**WHAT IS BEING ASKED:**
Read through the listing, and wherever a line holds the word "used", return it.

**DATASET RECORDS:**
================================
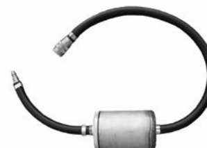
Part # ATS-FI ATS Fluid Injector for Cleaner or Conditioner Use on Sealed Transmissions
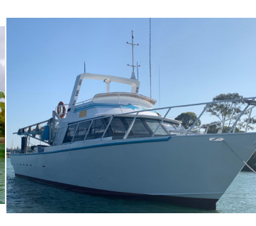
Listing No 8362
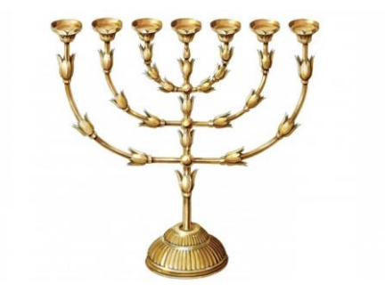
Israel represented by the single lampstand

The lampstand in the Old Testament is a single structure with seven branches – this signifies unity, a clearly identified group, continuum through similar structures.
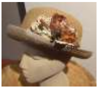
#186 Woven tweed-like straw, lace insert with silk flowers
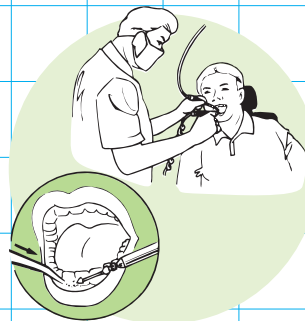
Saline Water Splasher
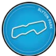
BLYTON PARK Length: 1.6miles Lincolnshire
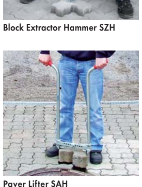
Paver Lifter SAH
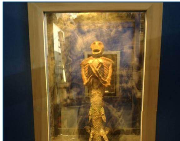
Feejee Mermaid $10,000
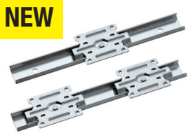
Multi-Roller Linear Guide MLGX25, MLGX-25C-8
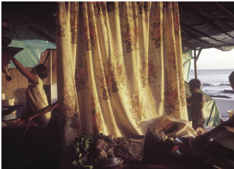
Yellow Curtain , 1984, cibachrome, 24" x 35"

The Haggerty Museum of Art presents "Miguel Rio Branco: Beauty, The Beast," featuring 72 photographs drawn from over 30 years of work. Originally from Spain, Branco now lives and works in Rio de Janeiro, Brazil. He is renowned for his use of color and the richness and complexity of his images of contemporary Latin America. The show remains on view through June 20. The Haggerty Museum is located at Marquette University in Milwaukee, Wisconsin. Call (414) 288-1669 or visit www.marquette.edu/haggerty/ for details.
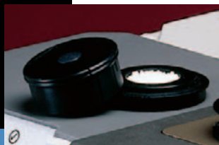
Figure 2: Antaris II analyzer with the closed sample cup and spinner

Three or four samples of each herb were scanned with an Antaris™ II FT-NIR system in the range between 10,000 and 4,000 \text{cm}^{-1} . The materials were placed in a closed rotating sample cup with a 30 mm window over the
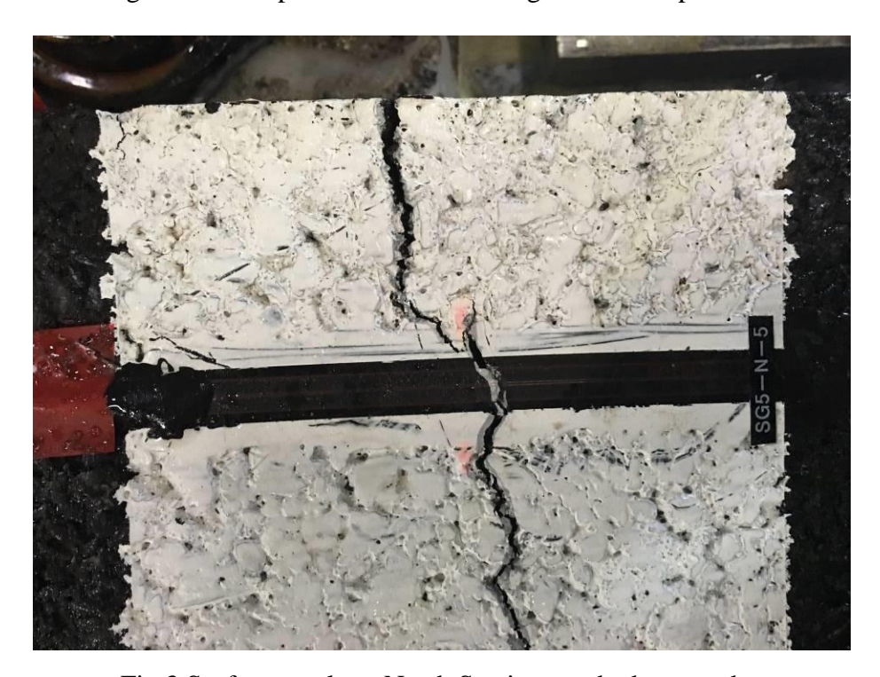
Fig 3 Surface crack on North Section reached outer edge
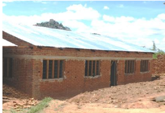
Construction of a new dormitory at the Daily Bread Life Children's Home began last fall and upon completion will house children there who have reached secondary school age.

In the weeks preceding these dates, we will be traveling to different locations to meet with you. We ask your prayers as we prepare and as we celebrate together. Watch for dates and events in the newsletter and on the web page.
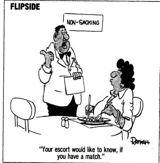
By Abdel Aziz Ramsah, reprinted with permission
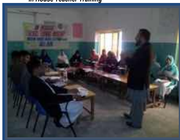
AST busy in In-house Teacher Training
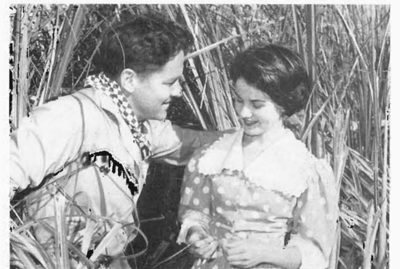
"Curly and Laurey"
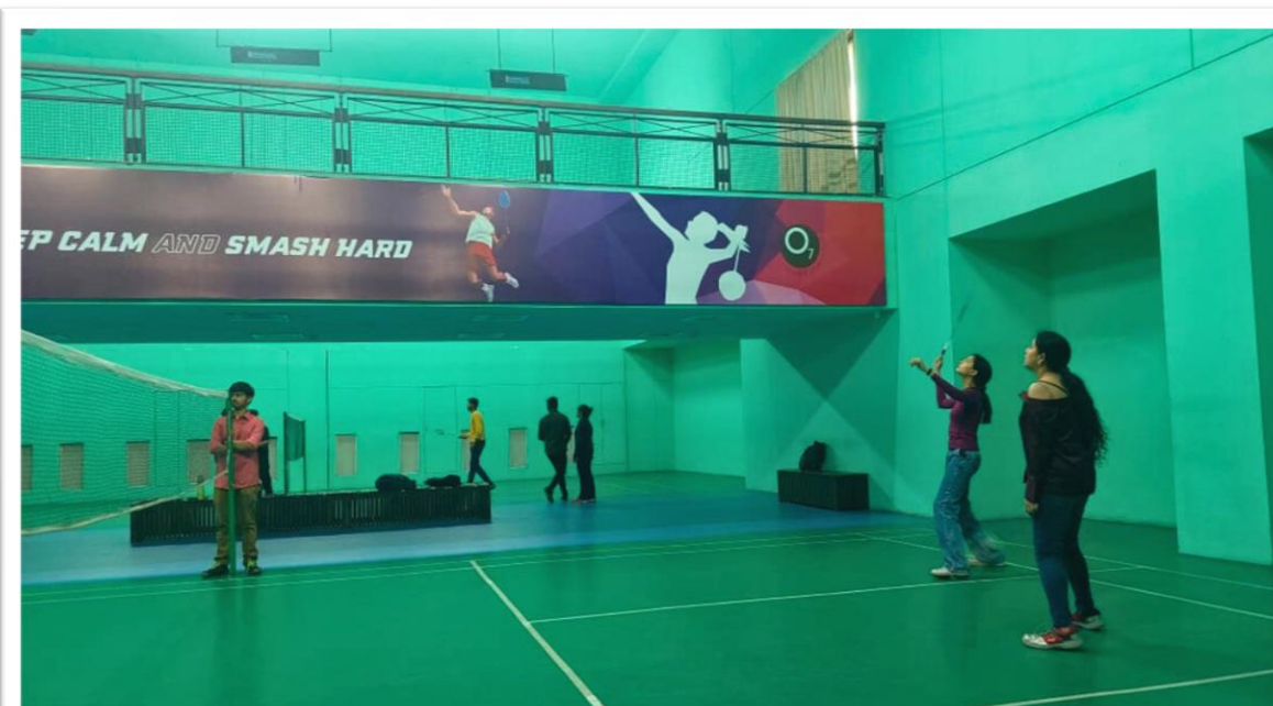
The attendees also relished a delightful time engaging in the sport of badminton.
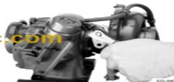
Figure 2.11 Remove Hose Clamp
================================
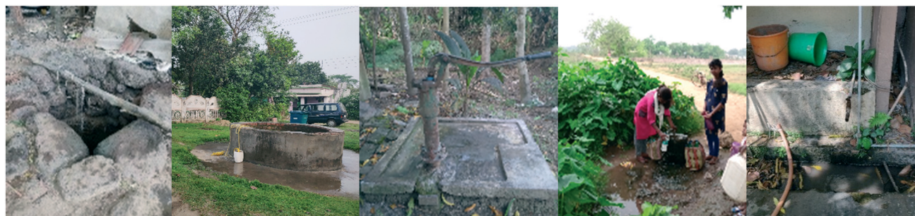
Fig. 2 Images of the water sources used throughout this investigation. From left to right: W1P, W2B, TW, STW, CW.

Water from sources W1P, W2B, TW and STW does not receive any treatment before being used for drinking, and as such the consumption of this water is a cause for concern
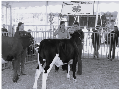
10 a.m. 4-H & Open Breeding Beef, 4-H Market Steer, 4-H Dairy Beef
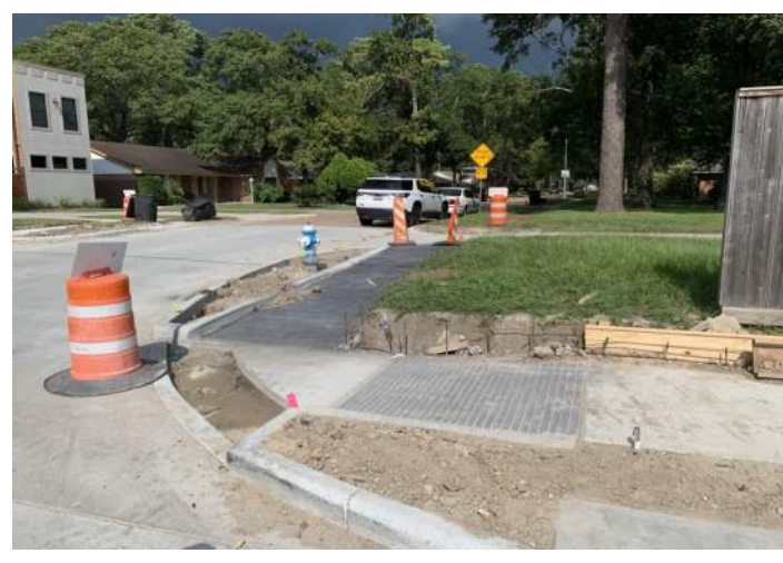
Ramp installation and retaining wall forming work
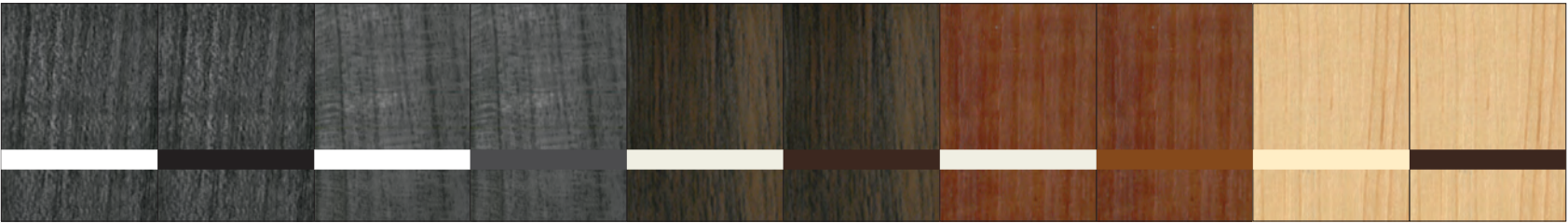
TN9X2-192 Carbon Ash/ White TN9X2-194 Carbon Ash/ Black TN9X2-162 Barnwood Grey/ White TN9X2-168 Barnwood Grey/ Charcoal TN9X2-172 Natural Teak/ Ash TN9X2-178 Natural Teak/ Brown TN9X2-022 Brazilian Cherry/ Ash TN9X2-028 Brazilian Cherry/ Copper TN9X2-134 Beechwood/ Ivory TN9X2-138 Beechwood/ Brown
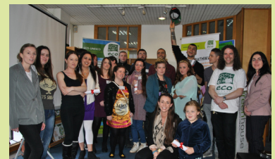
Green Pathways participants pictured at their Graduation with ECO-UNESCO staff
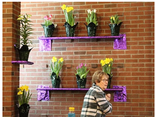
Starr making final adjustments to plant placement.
================================
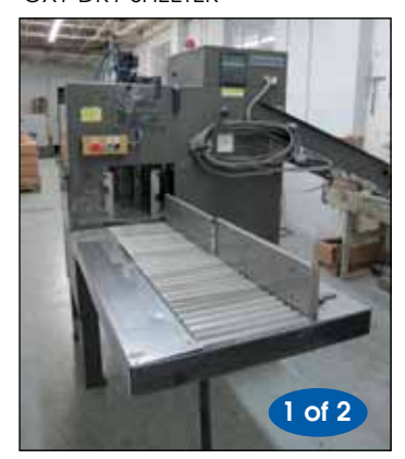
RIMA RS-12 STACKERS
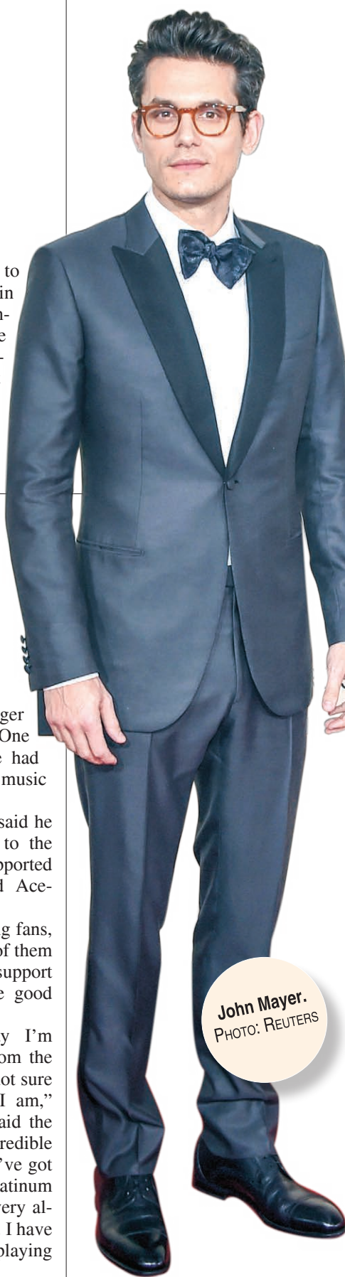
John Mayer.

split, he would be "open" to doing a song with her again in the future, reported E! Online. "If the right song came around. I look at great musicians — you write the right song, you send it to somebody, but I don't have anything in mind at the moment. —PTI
================================
**SOLUTION BELOW:**
Fig. 2 Images of the water sources used throughout this investigation. From left to right: W1P, W2B, TW, STW, CW.
Water from sources W1P, W2B, TW and STW does not receive any treatment before being used for drinking, and as such the consumption of this water is a cause for concern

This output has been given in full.